In order to begin this massive road and bridge project, Rotary-Norlin Park needed to be relocated from the east side of the river to the west side.

The majority of this work took place in 2018.

In conjunction with the Rotary Park Project the City needed to do underground work on the utilities (storm sewer, sewer, and water).  The residents who live in the Riverdale subdivision (which is just across I 229 from Rotary Park)  saw that utility work was being done last summer/fall in Riverdale Park.  This is where the new utility lines were being connected to the existing lines.

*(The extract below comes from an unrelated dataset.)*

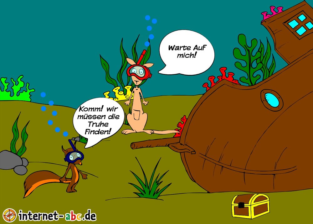 Die beiden Freunde haben beschlossen eine Schatztruhe zu suchen.
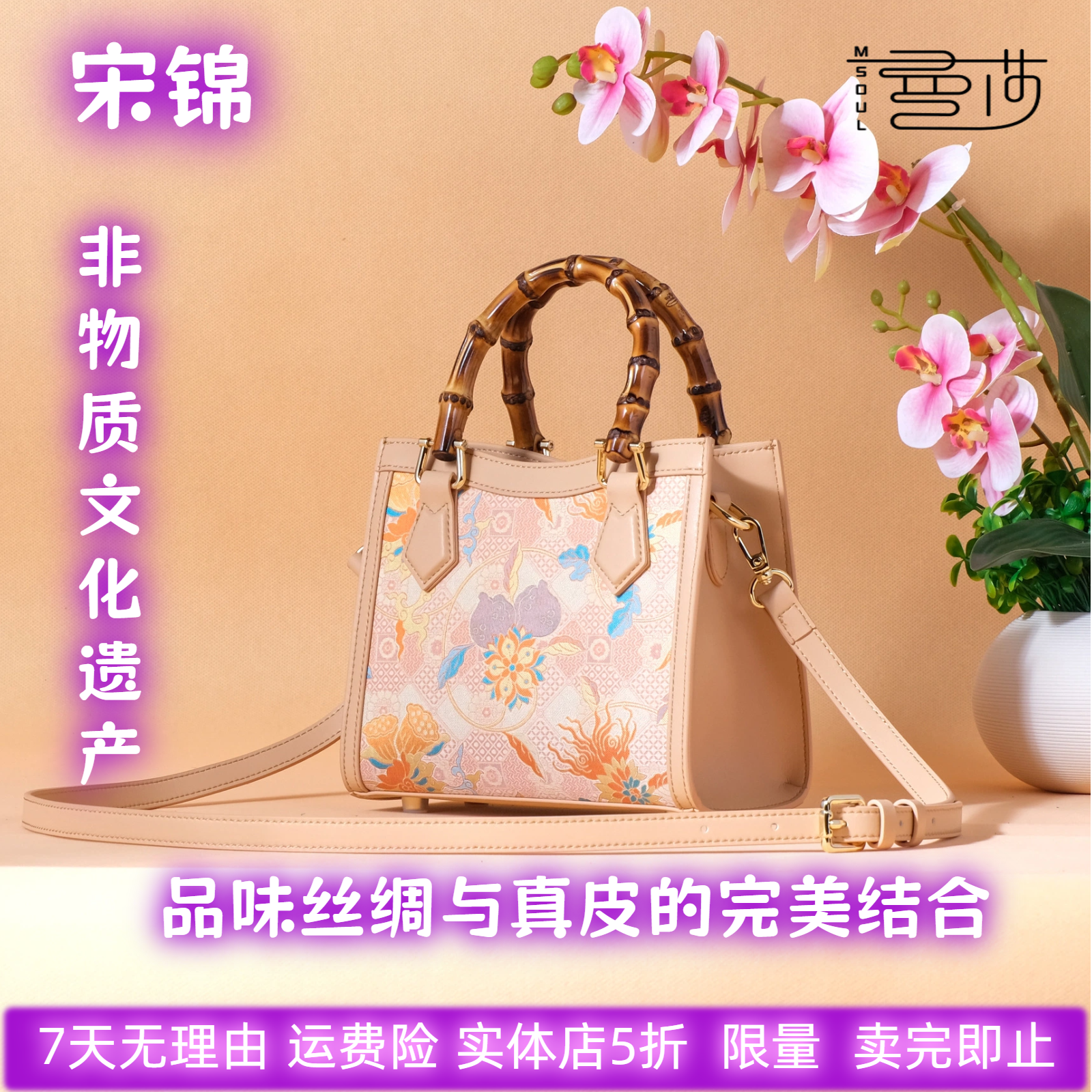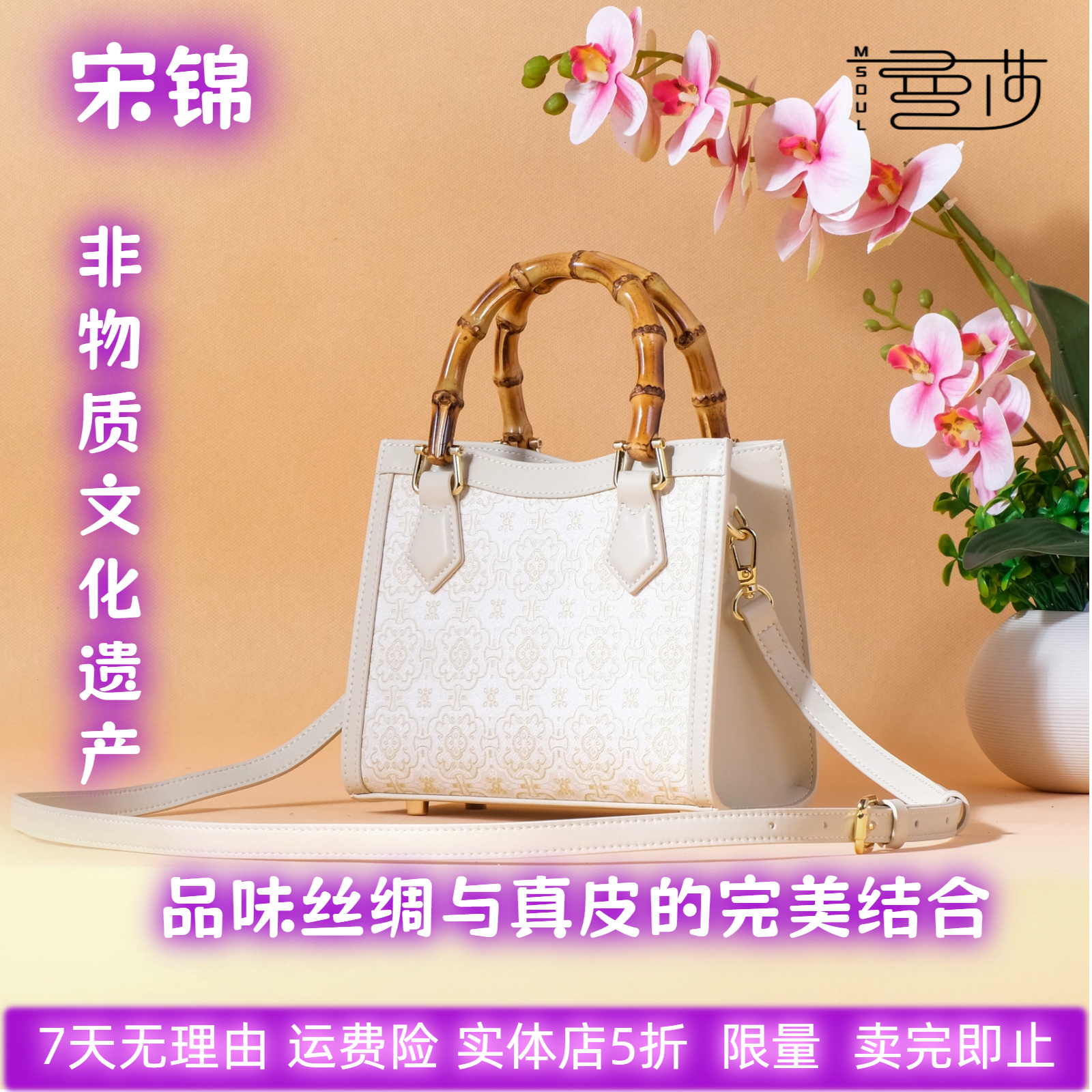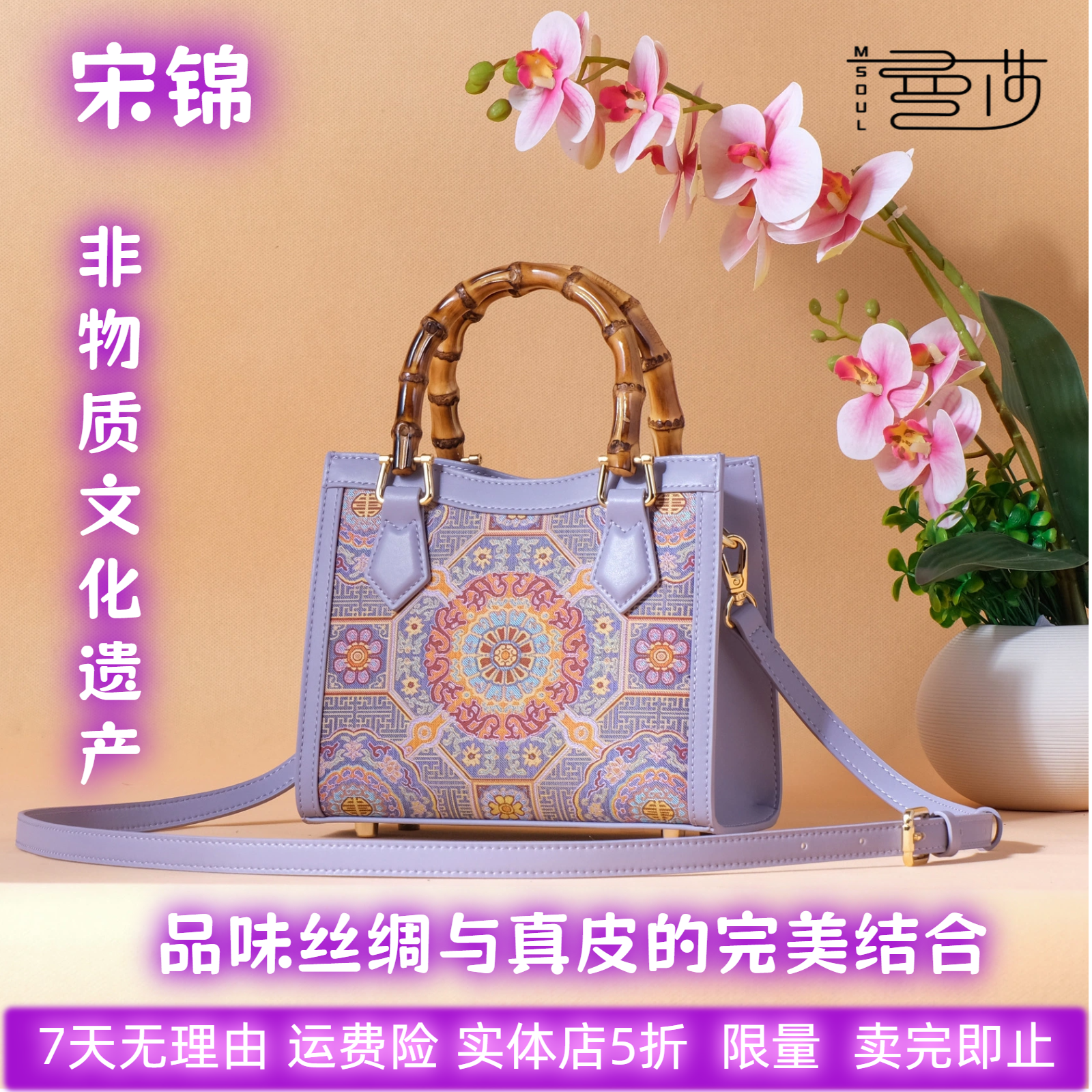 曼莎国风宋锦香云纱手提斜挎刺绣真丝牛皮新款新中式女包旗袍包包

At approximately the same time the work was being done in Riverdale Park, residents in Riverdale subdivision began to experience both low water pressure and sewer backups in their homes.  In some homes, sewer backups have happened multiple times since last summer/fall.

Today, we finally may have an answer as to why this is happening.

The City probably should have invested in a lift station when the work was done last year.


After reviewing the documents related to the I 229/26th Street/Southeastern Drive Project on siouxfalls.org, it appears the elevation needed to construct the overpass for the BNSF railroad will also be a factor in this major blunder of not building a lift station.

Phase I of this Project is set to begin in a few days. Should the project be allowed to go forward before resolving the issue of the lift station? Good question.